Import Statments and Parameters:

--------------------------------------------------------------------

IMPORTANT: Run these pip installs,

If using miniconda: conda create --name project_env python=3.11

pip install tensorflow keras numpy pandas requests Pillow scikit-learn matplotlib opencv-python jupyter ipykernel

Download dataset here: https://iris.di.ubi.pt/ubipr.html (Original version, Change DATASET_PATH accordingly)

--------------------------------------------------------------------

IMG_SIZE - All Images scaled to this size.

BATCH_SIZE - Groups pairs of images for siamese training.
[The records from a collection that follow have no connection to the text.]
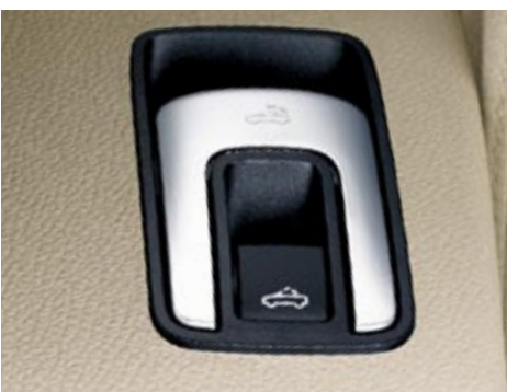
Nercabatt på 25 sekunder.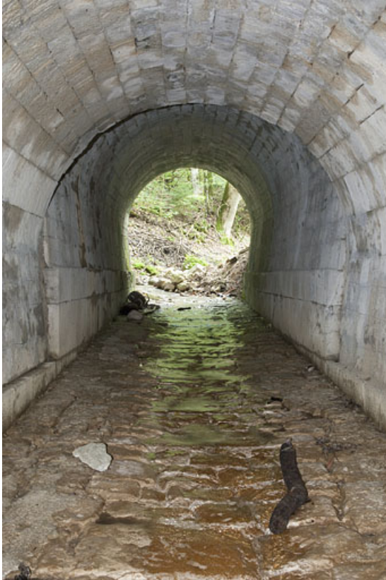
Intérieur du pont, aqueduc (n°6) en direction des Tavins. 25, Jougne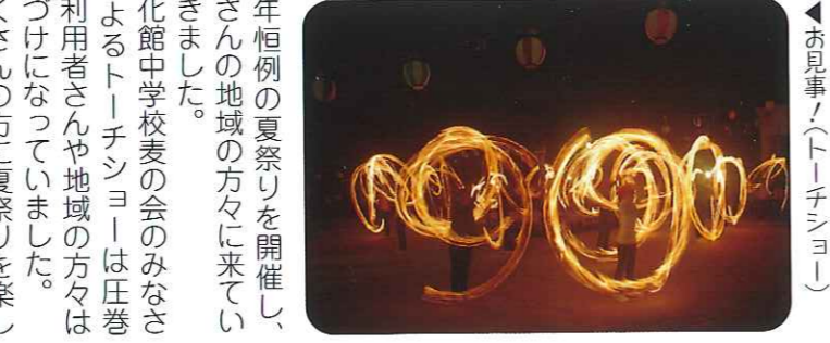
▲お見事！(トーチショー)

毎年恒例の夏祭りを開催し、たくさんの方々に来ていただきました。崇化館中学校麦の会のみならず、利用者さんや地域の方々もたくさん参加してくれました。たくさんの方に夏祭りを楽しんでいただき、盛会のうちに終わることができ、地域の皆様を支えられていることを改めて実感した夏祭りとなりました。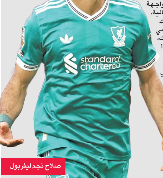
صلاح نجم ليفربول

أما أتلانتا، فخسارته أمام باريس في دور الثمانية لموسم 2019 - 2020 تبقى الوحيدة له في خمس مباريات أوروبية أمام الأندية الفرنسية. (د ب أ)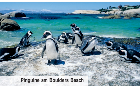
Pinguine am Boulders Beach

EPOCHS - number of epochs in training.

DATASET_PATH - Path to dataset folder.

STEPS_PER_EPOCH - Steps per each epoch.

In [6]:
import tensorflow as tf
from keras import layers, Model
from keras.preprocessing import image
import numpy as np
import os
import random
import keras

# -----------------------------
# PARAMETERS
# -----------------------------
IMG_SIZE = (105, 105)
BATCH_SIZE = 32
EPOCHS = 4  # increase for better results

# Load DATASET_PATH from dataset_path.txt (expected in the notebook working directory)
dataset_txt = os.path.join(os.getcwd(), "dataset_path.txt")
if os.path.exists(dataset_txt):
    with open(dataset_txt, "r", encoding="utf-8") as f:
        DATASET_PATH = f.read().strip()
    if not DATASET_PATH:
        raise ValueError("dataset_path.txt is empty. Put the dataset path inside the file.")
else:
    raise FileNotFoundError(f"dataset_path.txt not found at {dataset_txt}. Create it with the dataset path.")
STEPS_PER_EPOCH = 50
# -----------------------------



Image Preparation Definitions:

load_images_by_filenames(dataset_path, img_size = IMG_SIZE) - Loads images from dataset_path scaled to IMG_SIZE, then splits into groups by person. Outputs dictionary where each person has a list of images.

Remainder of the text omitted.